Windsor Castle: just one of the gorgeous experiences that await once one decides to leave one’s London bubble

I used Evan Evans Tours (shoutout to Karina and Simon!), but if you Google “London Day Trips,” you’ll find an abundance of tours by multiple companies with different itineraries and price points to “suit your fancy,” as the British say.

My tour was £27, not including the entrance fees to a couple of the attractions (about £25-30 each), food, souvenirs and tips! It takes the whole day’s price up to around £140.

The itinerary was as follows: meet at Victoria Coach Station at 8:00 AM, first stop at Windsor Castle, then Stonehenge and finally a walking tour of the town of Oxford.

You’ll especially love the last one if you’re a “Harry Potter” or “Lord of the Rings” fan.

They’ll put you back in Central London at around 6:30-7:00 PM, just in time for pub hour!

As our guide said, people leisurely spend the entire day at each of these places, and by booking the tour, we had decided to see three of them in one day, so time and efficiency were of the essence.

No ticket for the walking tour of Oxford. Windsor and Stonehenge were about £27 each

It took about 75 minutes to get from Victoria Coach Station to Windsor Castle, and we had about two hours to roam around the grounds. Capture all your content here as they don’t allow photography inside.

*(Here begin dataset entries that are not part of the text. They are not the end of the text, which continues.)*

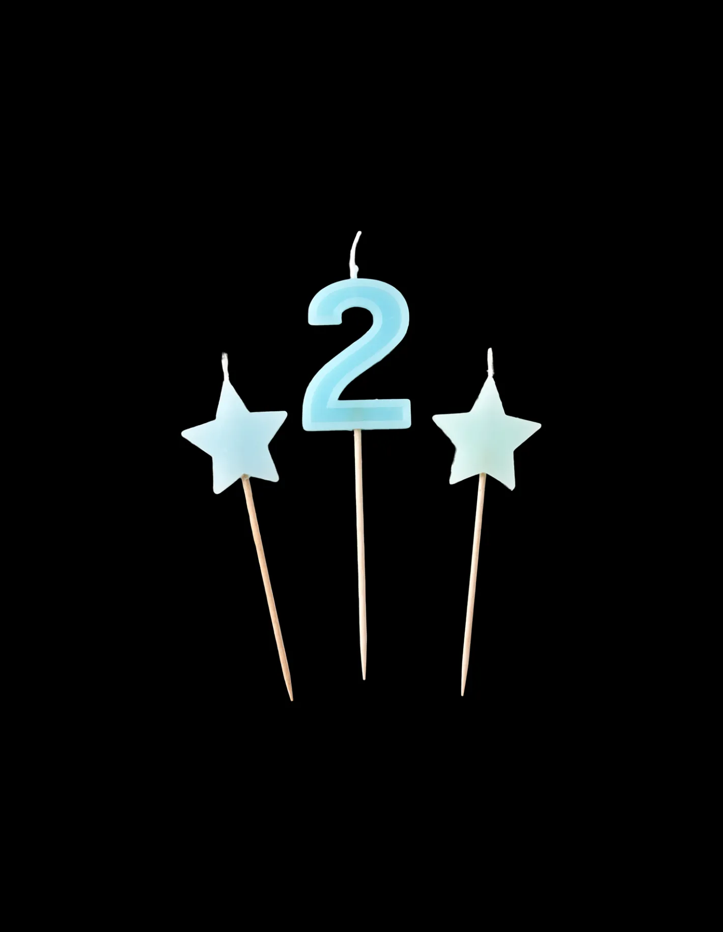 Søstrenes kagelys er lavet af paraffin, og hver pakke indeholder et tallys samt to stjerneformede lys. Tallet ‘2’ måler 11,5 x 3 cm, og de to stjerner måler hver 9 x 3 cm. Alle tre stearinlys kommer med et spyd, der måler 7 cm i længden. “Skønheden ligger i detaljerne,” som Anna og Clara gerne siger.
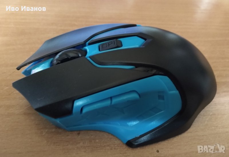 3200dpi и време на реакция 1ms. Мишката разполага с 6 клавиша, захранване с батерии ААА и ключе за изключване захранването с цел икономия на енергия. Разполага с 2.4GHz безжичнаUSB радиовръзка до 8м. Размери 108x75x38mm и тегло 75g. Цвят син+черен. С 6 бутона. За дясна ръка, удобно ляга в дланта, включи и играй.
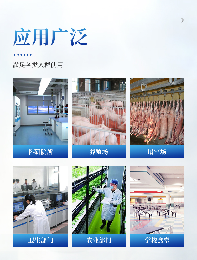 该多功能肉类检测仪为集成化肉品安全快速检测分析设备,广泛应用于养殖场、屠宰场、食品肉产品深加工企业、检验检疫部门、食药监局、卫生部门、高教院校、科研院所、农业部门等单位使用。

Highlights: the grand Royal Apartments and Queen Mary’s collection of miniatures and dollhouses (complete with working elevators and tiny bottles of Dom Perignon!).

Suppose you’re one of those persons who need to take their time reading every description at museums. In that case, this tour is probably not for you and you’re better off going independently by train.

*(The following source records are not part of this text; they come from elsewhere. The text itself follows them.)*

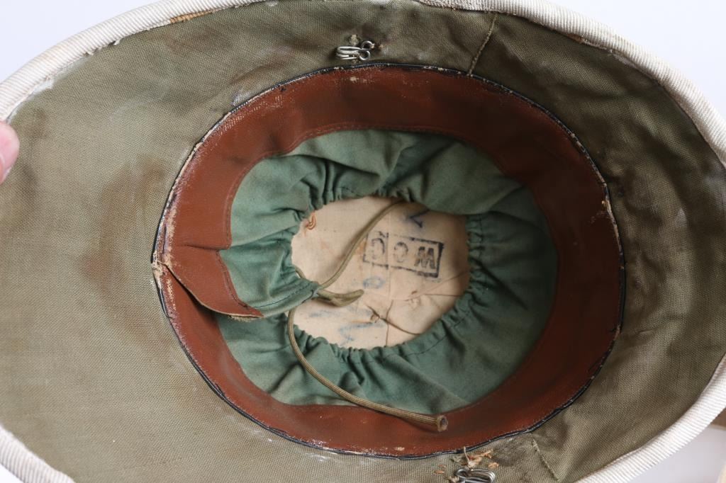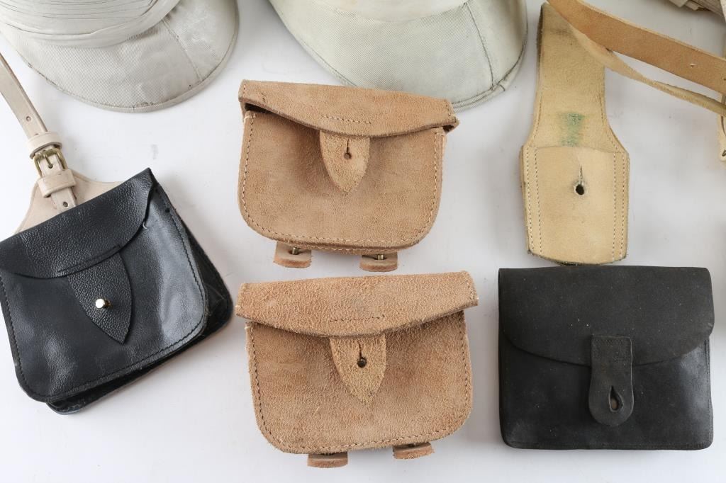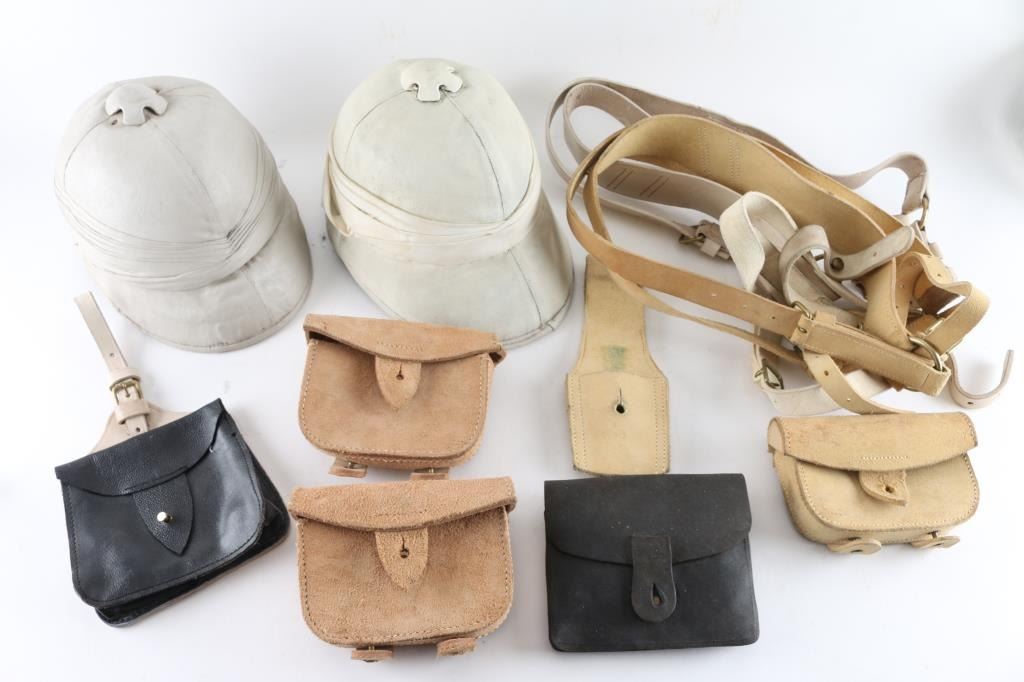 Consists of 2 Pattern 1902 Pith Helmets, one marked W.C.C. (Western Costume Co.), 2 sets of pattern 1871 white leather shoulder cross straps, black leather cartridge box, black leather accouterments pouch, bayonet frog, and 3 cartridge boxes.
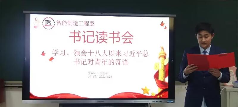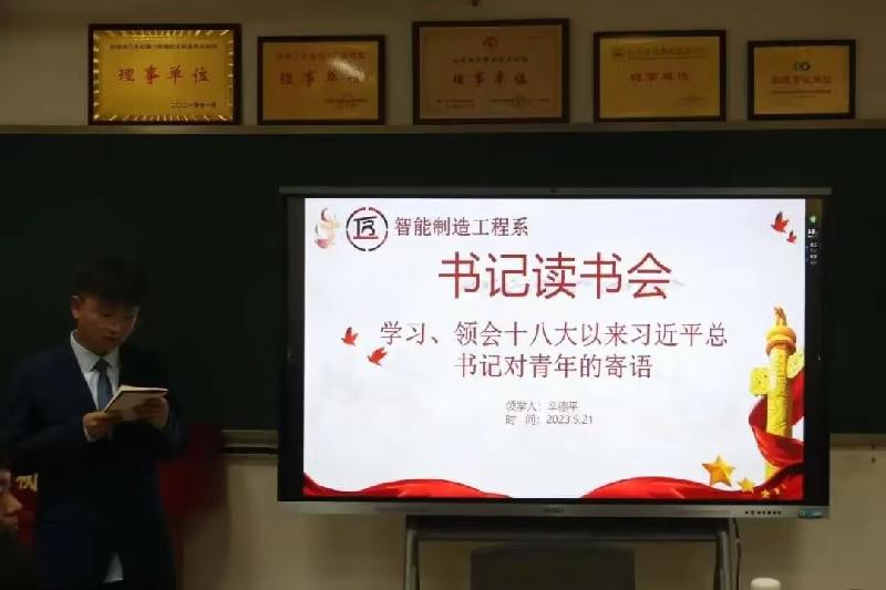 5月21日,智能制造工程系在综合楼201会议室开展“学习、领会党的十八大以来习近平总书记对青年的殷切寄语”主题书记读书会活动。系辅导员辛德平、2022级各班团支书和2023年新发展团员参加活动。
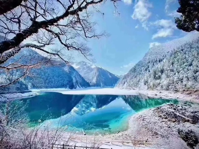 九寨沟银装素裹的林木与蓝冰叠瀑相拥,天地间唯有湛蓝与洁白相衬,如梦如幻。
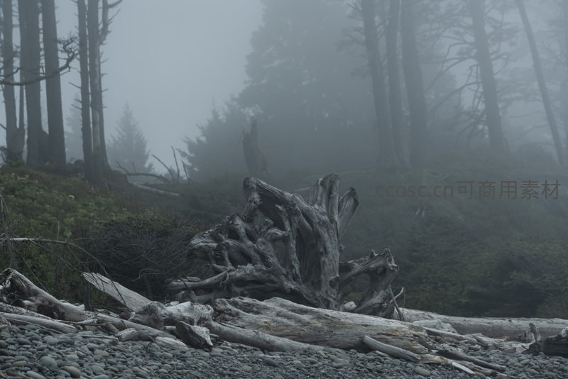 浓雾笼罩着海岸线,巨大的漂流木散落在鹅卵石滩上,背景是若隐若现的针叶林,营造出一种神秘而孤寂的氛围。

I’m not kidding. The coach won’t wait even 5 minutes for you. Pretend it’s a cruise ship.

Another helpful tip was to buy a cold sandwich (never hot food or “something smelly like Mc Donald’s”) to eat at the coach during the trip to the next destination instead of wasting precious time sitting at a local cafe or restaurant.

Like The Statue of Liberty and Monalisa, Stonehenge felt smaller in real life

Stop 2, Stonehenge was an hour and a half from Windsor Castle. As our guide, and later my partner, said: It used to be a place along the road where people stopped, checked out the “rocks,” and moved on.

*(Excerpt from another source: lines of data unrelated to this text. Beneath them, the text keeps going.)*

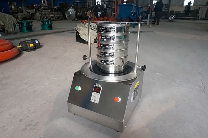 試驗篩機是以YZU立式振動電機作為整機振動源,通過振動電機帶動上部振動盤振動,再通過振動盤傳導(dǎo)至安放在振動盤上部Φ200篩框上,然后由需要檢測目數(shù)的篩框把小于篩網(wǎng)孔徑的物料顆粒篩分至下層篩框,如此層層篩選,使每層試驗篩內(nèi)只留相同粒度的物料,達到不同粒度的分離并確定此物料的粒度組成,使Φ200型篩框中的物料能非常有效的起到過濾、分級、篩分目的。
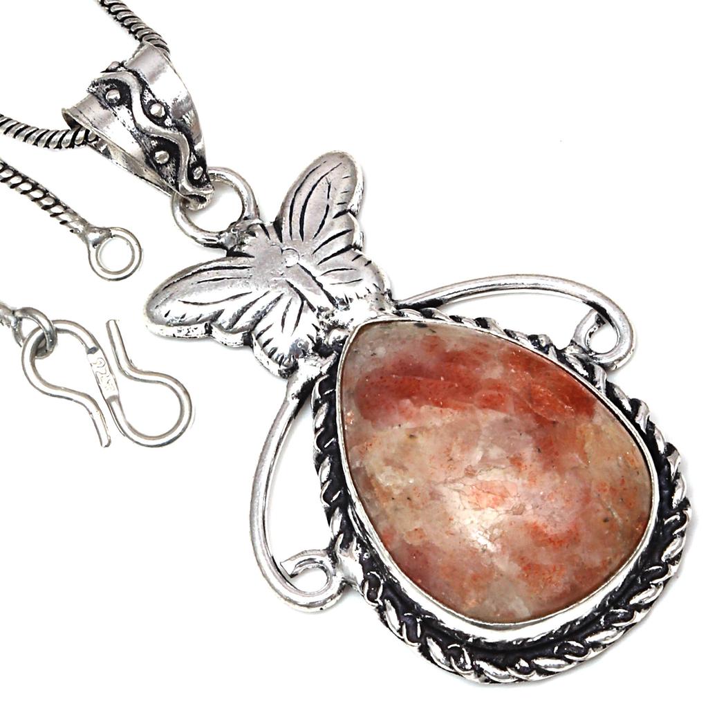 Anhänger Sonnenstein Edelstein Handgefertigt Geschenk Für Sie Ethnisch Silberschmuck 2,25"
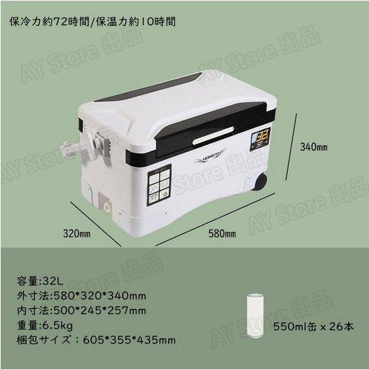 釣り用クーラーボックス 大容量32L 座れる頑丈マッスルボディ 防水 ハンドル/水栓/肩ベルト/キャスター付き 釣り 保冷力72h 白&黒 bhw0116 收藏
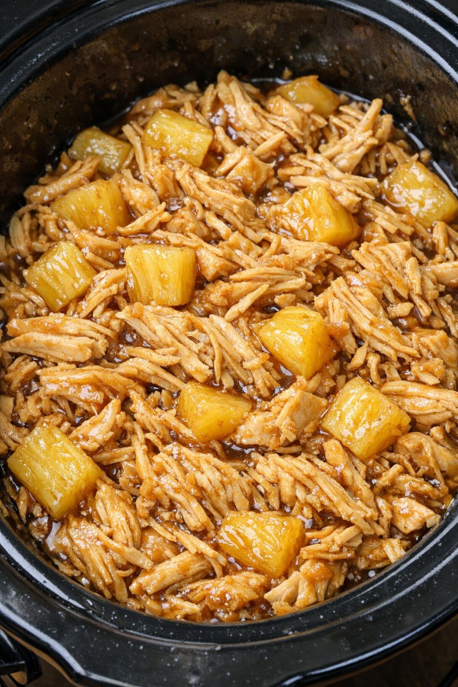 Once the chicken is cooked, use two forks to gently shred it directly in the slow cooker. Stir the shredded chicken into the pineapple-brown sugar juices until everything is well coated in the glossy glaze.

Now, however, was a world-class exhibition, complete with a fancy visitor center designed by Australian architect Denton Corker Marshall, from where shuttle buses take you to a prudent distance from the actual monument.

Another 120 minutes to capture media, rush through the shop and cafeteria, and meet our guides at the coach park to proceed to our final destination: Oxford.

If you feel like you’re in a movie, it’s because this place has been the location for many films and TV programs, including “Harry Potter,” “Sherlock Holmes,” and “The Theory of Everything.”

And aside from being the location of these and many other works of fiction and literature, it’s been the place of education for artists like Dame Maggie Smith (“Downton Abbey”) and “The Lord of the Rings” author J. R. R. Tolkien.

Perhaps this is another place to take time and explore at one’s own pace. It was already around three o clock by the time we arrived, and all stores, libraries, and museums close at 5 PM.

Nonetheless, highlights include the Martyr’s Memorial, University Church of St. Mary the Virgin, Christ Church College, Bodleian Library and—the one I would personally like to visit and spend some time in—The History of Science Museum, where they treasure Albert Einstein’s blackboards.

History of Science Museum at Oxford

One last thing: Oxford students and townspeople have hated each other since at least 1167. But there’s only one thing they seem to agree on: their disdain for tourists. So proceed with caution.